Re-Reform: Abschied vom Turbo-Abi

Als erstes westdeutsches Flächenland führte das Saarland das G8-Turbo-Abi ein. Nun soll es wieder zum G9-Abi zurückkehren. Doch was soll die Reform der Reform eigentlich bringen?

Die Fehler der G8-Reform solle korrigiert werden, sagte die neue saarländische SPD-Ministerpräsidentin in ihrer ersten Regierungserklärung. Bereits 2001 wurde das Abitur nach der zwölften Stufe im Saarland eingeführt. Die Einführung des Abiturs nach der zwölften Klasse hatte einen einfachen Grund: Das soziale Sicherungssystem in Deutschland sollte entlastet werden. Denn je früher die jungen Menschen mit der Schule fertig sind, desto früher können sie in den Arbeitsmarkt einsteigen und Sozialabgaben zahlen. Nach der Einführung dieser Reform zogen fast alle Bundesländer mit G8 nach, nur Rheinland-Pfalz blieb bei G9.

Der erwünschte Effekt der Reform war aber bescheiden. Das Institut für Wirtschaftsforschung veröffentlichte eine Studie, aus der herauskam, dass G8-Abiturienten seltener direkt nach dem Abschluss anfangen zu studieren. Zusätzlich gibt es mehr Sitzenbleiber – signifikant schlechtere Abitur-Noten waren allerdings nicht zu beobachten. Bildungsforscher Olaf Köller vom Kieler Leibniz-Institut für die Pädagogik der Naturwissenschaften und Mathematik fasst zusammen, dass es grundsätzlich keine nennenswerten Unterschiede zwischen G8- und G9-Abiturienten gibt. Eine Kritik hat Köller aber: G8-Schülerinnen und -Schüler hätten deutlich weniger Freizeit.

Zurück zu G9

Bundesweit entstanden vor dem Hintergrund der geschmälerten Freizeit der Schüler und Schülerinnen Eltern-Initiativen für die Rückkehr zu G9. So wuchs der Druck der Öffentlichkeit gegen das sogenannte Turbo-Abi. Aus diesem Grund sind nun wieder fast alle westdeutschen Länder, die sich damals für G8 entschieden haben, wieder zu G9 zurückgekehrt. Niedersachsen, Nordrhein-Westfalen und Bayern verabschiedeten sich bereits komplett von G8, in Hessen, Baden-Württemberg und Schleswig-Holstein herrscht Wahlfreiheit. Dort gibt es Gymnasien, die das G8- und G9-System anbieten. Laut Bildungsforscher Köller verspricht man sich dabei aber zu viel vom Reformwechsel. Zwar war die G9 eine politische Entscheidung, um vor Wahlen noch Stimmen einzufangen, doch der Preis ist hoch: Die Re-Reform verursacht Kosten im mehrstelligen Millionenbereich.

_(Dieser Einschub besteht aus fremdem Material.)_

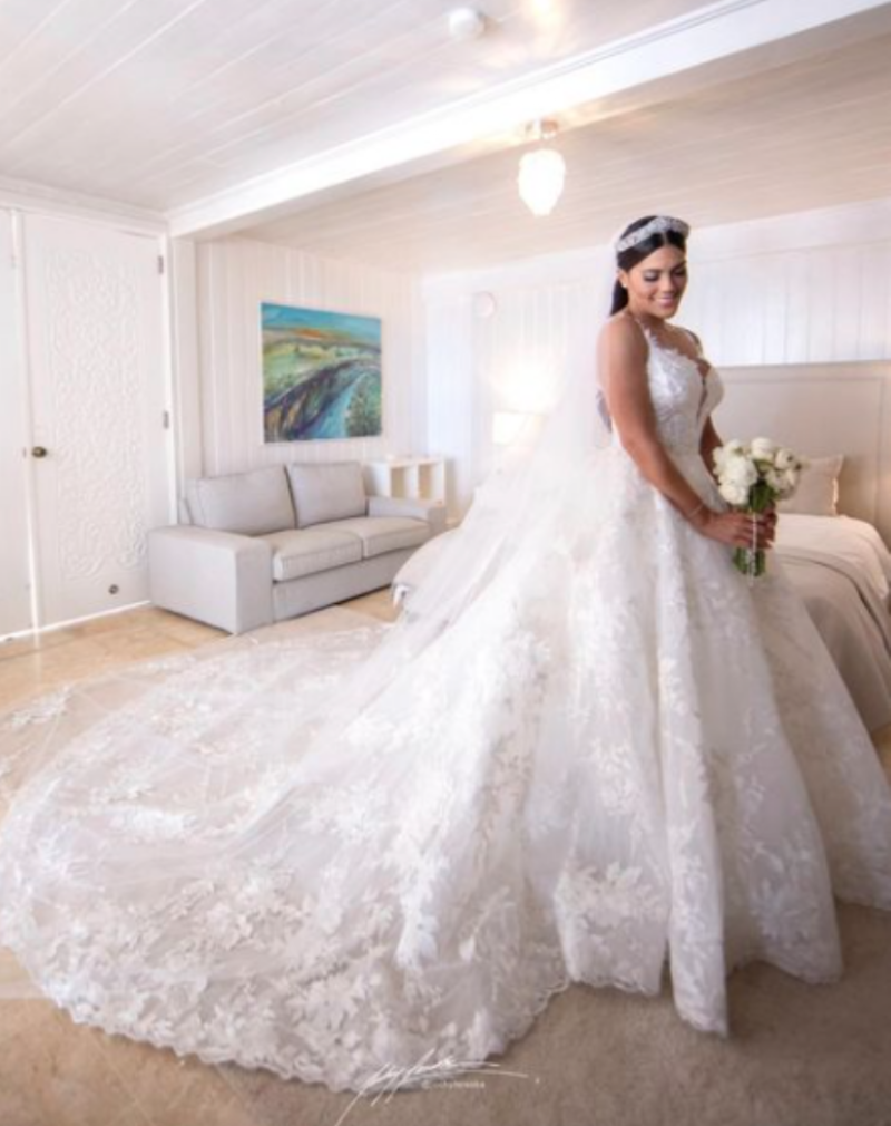 El primero de los vestidos fue con el que llegó al altar una prenda de Monique Lhuillier completamente blanca con escote en V con tul y encaje bordados con flores blancas que resaltaban la belleza de la flamante novia que también portaba una tiara de cristales con un hermoso velo.
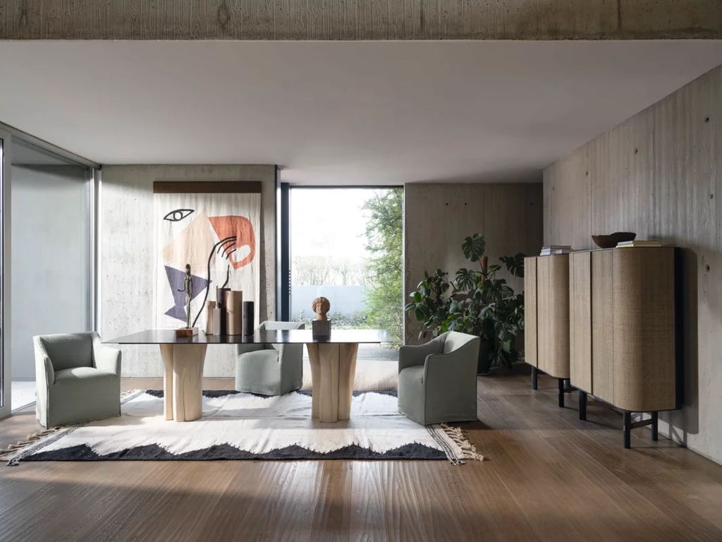 A strong and distinctive sign characterises the Brick 33/34/36/38 family of tables. Nordic references are evident in the base made of sections of natural debarked hornbeam trunk, which is in visual contrast to the thin waxed iron sheet top. Available in different sizes and with rectangular, square and round tops, the product combines natural materials with industrial touches.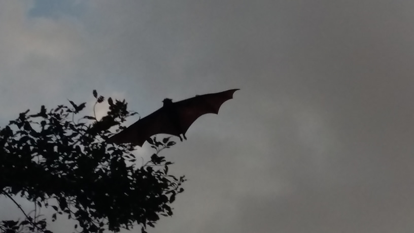 familie: Emballonuridaeonderfamilie: Emballonurinae (schedestaartvleermuizen) geslacht: Rhynchonycteris soort: R. naso - langneusvleermuis (Costa Rica) geslacht: Saccopteryx soort: S. bilineata - tweestrepige zakvleermuis (Costa Rica) familie: Pteropodidae geslacht: Pteropus soort: P. alecto - zwarte vleerhond, black flying fox (Australië) soort: P. conspicilladus - bebrilde fruitvleerhond, spectacled flying fox (Australië) soort: P. giganteus - vliegende vos (India) soort: P. poliocephalus - grijskopvleerhond, grey headed flying fox (Australië) soort: P. scapulatus - kleine rode vleerhond, little red flying fox (Australië) foto: vliegende vos Het is niet zeker welke van de bovenstaand genoemde vleerhonden wij in Australië hebben gezien. We zagen ze in Daintree NP en bij Zillie Falls, in het noorden van Queensland. Volgens de Department of Environment and Science (klik hier) vormen deze 4 soorten kolonies aan de kust van Queensland. Het was waarschijnlijk niet de grijskopvleerhond en waarschijnlijk ook niet de kleine rode vleerhond. De grijskopvleerhond komt namelijk zo noordelijk niet voor en rode kleine vleerhonden vormen grotere kolonies, dichter bij de grond. Volgens het Animal Diversity Web vormen de vleermuizen, qua aantal soorten, de tweede grootste groep zoogdieren. Er zijn ongeveer 925 levende soorten vleermuizen en dat is zo'n 20% van alle levende zoogdiersoorten. Alleen de groep van knaagdieren omvat nog meer soorten. |

In den neuen Bundesländern gilt bisher aber weiterhin hauptsächlich G8 an Gymnasien. Trotzdem wird in einigen Bundesländern wie Thüringen, Sachsen-Anhalt, Brandenburg und Bremen zusätzlich das Abitur nach neun Jahren angeboten. Die Tendenz zu G8 in Ostdeutschland und zu G9 in Westdeutschland ist historisch gewachsen. Vor 100 Jahren, als das deutsche Schulsystem grundlegend reformiert wurde und eine vierjährige Grundschulzeit eingeführt wurde, verlängerte sich die Gesamtschulzeit auf 13 Jahre.

Um einen zusätzlichen Offizieranwärter-Jahrgang zu gewinnen, wurde während des NS-Regimes die Schulzeit auf zwölf Jahre verkürzt. Zum Zeitpunkt vom Ende des zweiten Weltkrieges zogen dann westdeutsche Länder nach und knüpften an das Weimarer Schulsystem an, das G9 zur Folge hatte. Währenddessen blieb die DDR zunächst bei G8 – nach der Wende wurde aber zwischenzeitlich das Abitur nach neun Jahren eingeführt. In den 2000er Jahren kehrte man aber wieder zum alten System zurück.

Umstellungen zum nächsten Jahr

Nach den Sommerferien plant das Saarland wieder die Umstellung zu G9. Was bisher noch fehlt ist ein klares Konzept, nach dem der Umstieg und die Umstrukturierung gestaltet werden sollen. Aus diesem Grund halten Lehrverbände und Gewerkschaften die Umstiegsentscheidung für überstürzt. Das saarländische Bildungsministerium setzt für die Entwicklung eines Konzepts dabei auf einen Mitbestimmungsprozess: Lehrer, Eltern, Schulleitungen und Schüler sollen sich beteiligen dürfen, denn der Zeitplan, den die saarländische Regierung dafür gesetzt hat, ist auf jeden Fall sportlich.